| Information provided |
*** Begin section ***

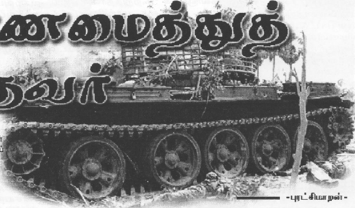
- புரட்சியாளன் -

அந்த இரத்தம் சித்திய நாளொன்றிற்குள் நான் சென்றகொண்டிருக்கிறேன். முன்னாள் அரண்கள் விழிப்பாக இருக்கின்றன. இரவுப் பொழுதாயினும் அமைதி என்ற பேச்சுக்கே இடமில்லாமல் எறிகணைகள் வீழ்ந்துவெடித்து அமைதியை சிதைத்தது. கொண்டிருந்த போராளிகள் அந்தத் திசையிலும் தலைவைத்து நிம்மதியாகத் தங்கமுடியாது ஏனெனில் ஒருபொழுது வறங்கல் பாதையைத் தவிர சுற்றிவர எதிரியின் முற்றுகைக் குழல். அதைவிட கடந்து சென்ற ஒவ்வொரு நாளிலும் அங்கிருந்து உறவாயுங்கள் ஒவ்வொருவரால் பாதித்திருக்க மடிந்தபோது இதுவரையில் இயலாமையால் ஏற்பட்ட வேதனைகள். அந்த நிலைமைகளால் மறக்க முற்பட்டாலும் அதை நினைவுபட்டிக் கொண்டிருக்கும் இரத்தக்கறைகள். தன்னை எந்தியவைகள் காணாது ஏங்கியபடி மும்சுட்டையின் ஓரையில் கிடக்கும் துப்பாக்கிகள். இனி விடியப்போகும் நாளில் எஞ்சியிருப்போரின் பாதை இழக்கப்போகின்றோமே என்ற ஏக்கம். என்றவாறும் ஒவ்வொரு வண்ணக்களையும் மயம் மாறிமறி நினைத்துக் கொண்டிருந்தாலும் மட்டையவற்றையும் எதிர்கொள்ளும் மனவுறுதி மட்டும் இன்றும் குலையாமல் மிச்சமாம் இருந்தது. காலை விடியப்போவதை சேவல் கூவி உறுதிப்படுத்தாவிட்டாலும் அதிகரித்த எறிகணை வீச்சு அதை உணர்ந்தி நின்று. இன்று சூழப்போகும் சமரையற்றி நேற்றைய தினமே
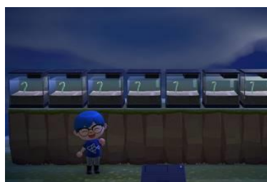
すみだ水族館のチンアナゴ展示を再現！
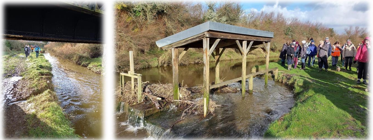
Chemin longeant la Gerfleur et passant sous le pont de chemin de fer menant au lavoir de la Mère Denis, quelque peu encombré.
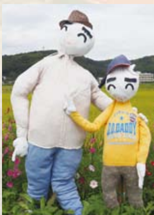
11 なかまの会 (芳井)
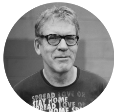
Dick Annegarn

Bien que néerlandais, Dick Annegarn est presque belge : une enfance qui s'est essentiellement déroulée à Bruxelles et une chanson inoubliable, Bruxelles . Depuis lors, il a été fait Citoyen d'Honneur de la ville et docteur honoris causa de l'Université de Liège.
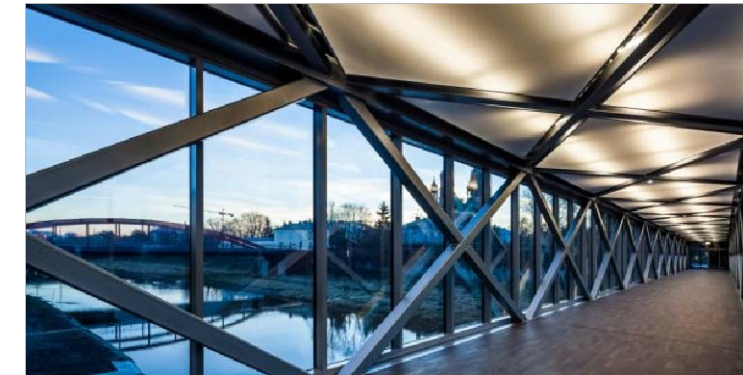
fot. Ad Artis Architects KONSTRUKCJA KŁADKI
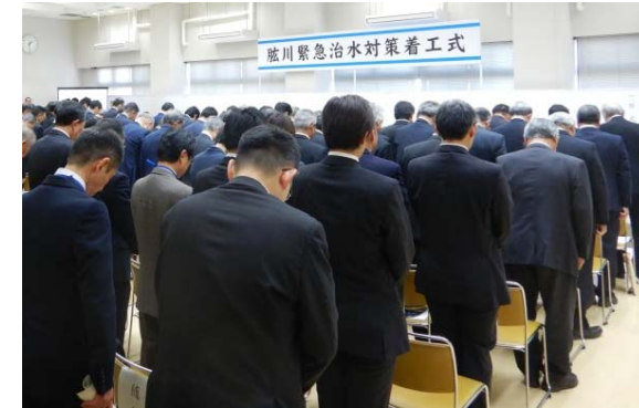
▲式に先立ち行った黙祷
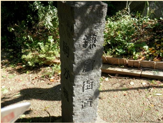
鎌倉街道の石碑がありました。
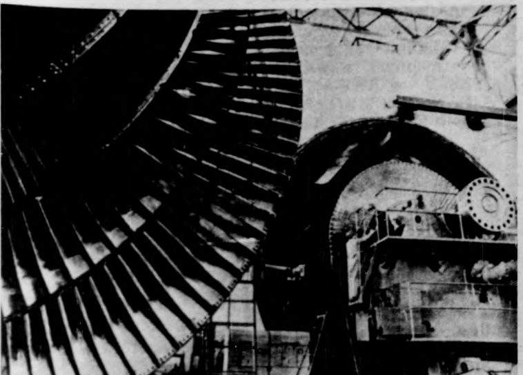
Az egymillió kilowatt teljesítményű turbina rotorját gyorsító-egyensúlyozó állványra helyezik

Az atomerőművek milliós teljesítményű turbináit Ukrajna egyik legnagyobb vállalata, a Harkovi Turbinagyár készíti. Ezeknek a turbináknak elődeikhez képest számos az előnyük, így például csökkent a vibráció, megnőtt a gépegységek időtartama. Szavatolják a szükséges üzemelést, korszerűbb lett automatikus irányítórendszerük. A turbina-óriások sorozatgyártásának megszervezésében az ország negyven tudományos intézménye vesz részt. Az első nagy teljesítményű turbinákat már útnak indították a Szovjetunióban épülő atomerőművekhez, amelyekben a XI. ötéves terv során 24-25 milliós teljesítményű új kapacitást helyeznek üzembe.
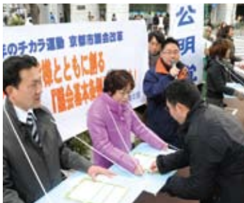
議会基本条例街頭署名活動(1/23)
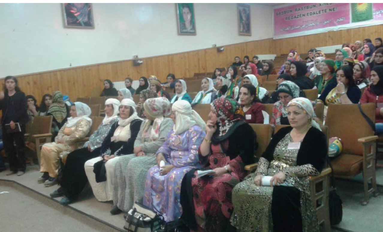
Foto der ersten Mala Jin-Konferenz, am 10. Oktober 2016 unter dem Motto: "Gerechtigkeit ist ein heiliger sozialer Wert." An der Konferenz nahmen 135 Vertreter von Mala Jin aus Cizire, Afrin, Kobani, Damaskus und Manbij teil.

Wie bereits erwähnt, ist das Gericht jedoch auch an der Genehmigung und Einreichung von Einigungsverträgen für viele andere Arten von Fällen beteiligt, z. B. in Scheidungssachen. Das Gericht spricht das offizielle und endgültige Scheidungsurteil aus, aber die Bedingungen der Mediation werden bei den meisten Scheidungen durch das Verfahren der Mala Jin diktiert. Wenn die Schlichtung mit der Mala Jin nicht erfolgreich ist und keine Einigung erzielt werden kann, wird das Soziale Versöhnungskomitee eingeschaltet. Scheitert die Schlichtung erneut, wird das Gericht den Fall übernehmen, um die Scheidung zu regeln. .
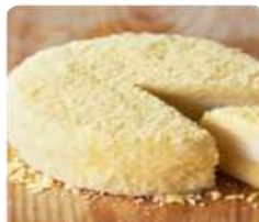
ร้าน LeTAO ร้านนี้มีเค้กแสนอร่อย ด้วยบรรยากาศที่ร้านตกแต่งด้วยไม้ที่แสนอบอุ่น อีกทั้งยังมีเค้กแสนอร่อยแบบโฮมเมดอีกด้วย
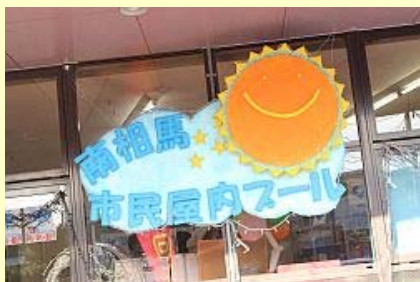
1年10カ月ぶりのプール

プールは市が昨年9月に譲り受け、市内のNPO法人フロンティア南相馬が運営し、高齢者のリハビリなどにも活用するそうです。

*** End section ***
*** Begin section ***

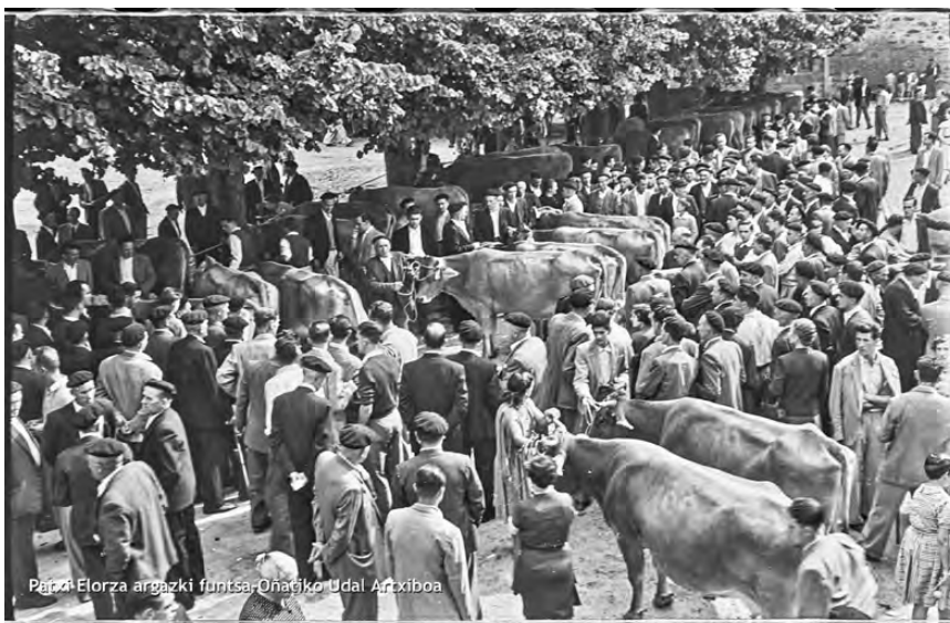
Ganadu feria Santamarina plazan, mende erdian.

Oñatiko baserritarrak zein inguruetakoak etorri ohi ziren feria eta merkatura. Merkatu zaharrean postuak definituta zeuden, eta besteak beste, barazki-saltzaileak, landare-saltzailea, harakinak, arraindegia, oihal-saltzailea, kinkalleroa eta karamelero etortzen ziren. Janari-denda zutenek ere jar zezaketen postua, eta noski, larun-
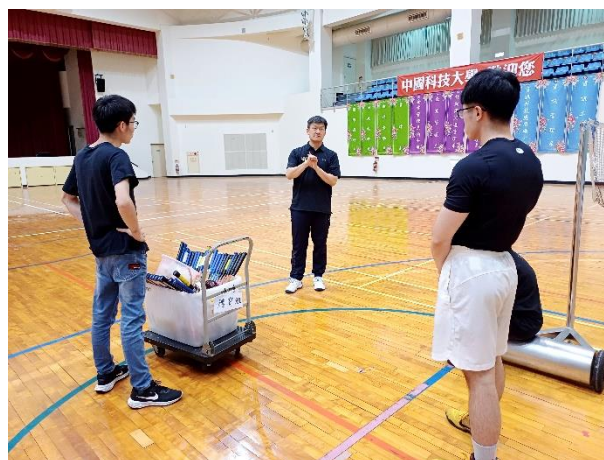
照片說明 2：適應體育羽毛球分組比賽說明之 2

*** End section ***
*** Begin section ***

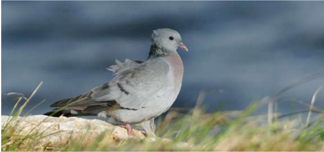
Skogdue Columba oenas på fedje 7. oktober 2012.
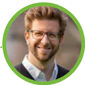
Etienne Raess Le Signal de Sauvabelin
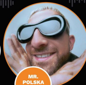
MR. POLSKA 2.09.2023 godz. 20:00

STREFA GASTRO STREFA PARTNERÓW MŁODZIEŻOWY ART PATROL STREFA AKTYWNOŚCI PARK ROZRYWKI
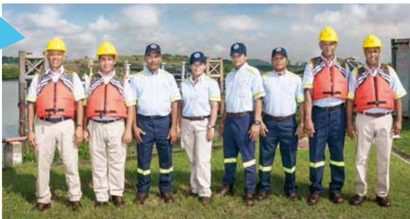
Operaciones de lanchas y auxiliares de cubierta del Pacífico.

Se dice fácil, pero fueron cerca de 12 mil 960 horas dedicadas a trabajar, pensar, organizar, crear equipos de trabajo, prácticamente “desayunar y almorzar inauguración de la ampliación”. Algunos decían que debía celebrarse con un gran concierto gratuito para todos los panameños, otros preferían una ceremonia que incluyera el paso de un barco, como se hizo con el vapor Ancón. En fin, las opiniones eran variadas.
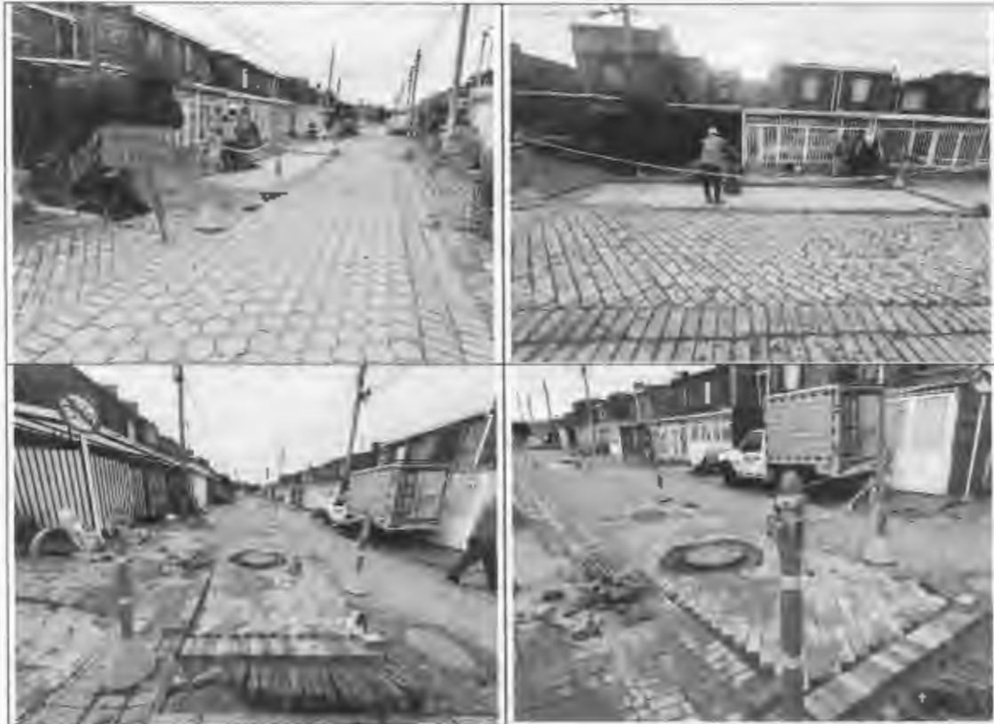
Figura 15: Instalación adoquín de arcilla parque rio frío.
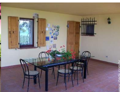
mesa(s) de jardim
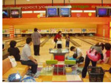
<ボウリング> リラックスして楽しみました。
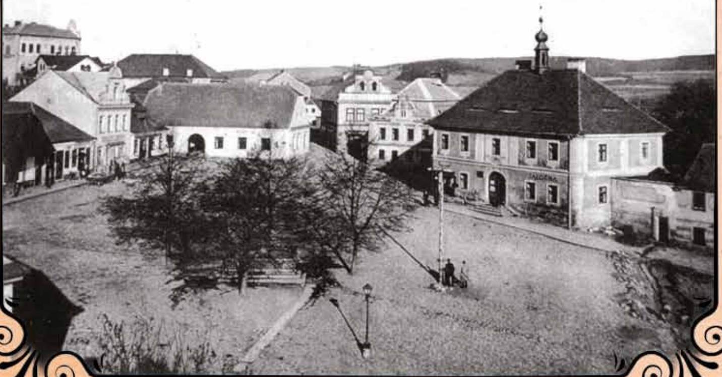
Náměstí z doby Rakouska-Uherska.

*** End section ***

| Exercise objective |
Where does the word "Dick" appear in the listing above? Copy every line that holds it.

| Worked solution |
Dick Annegarn
Bien que néerlandais, Dick Annegarn est presque belge : une enfance qui s'est essentiellement déroulée à Bruxelles et une chanson inoubliable, Bruxelles . Depuis lors, il a été fait Citoyen d'Honneur de la ville et docteur honoris causa de l'Université de Liège.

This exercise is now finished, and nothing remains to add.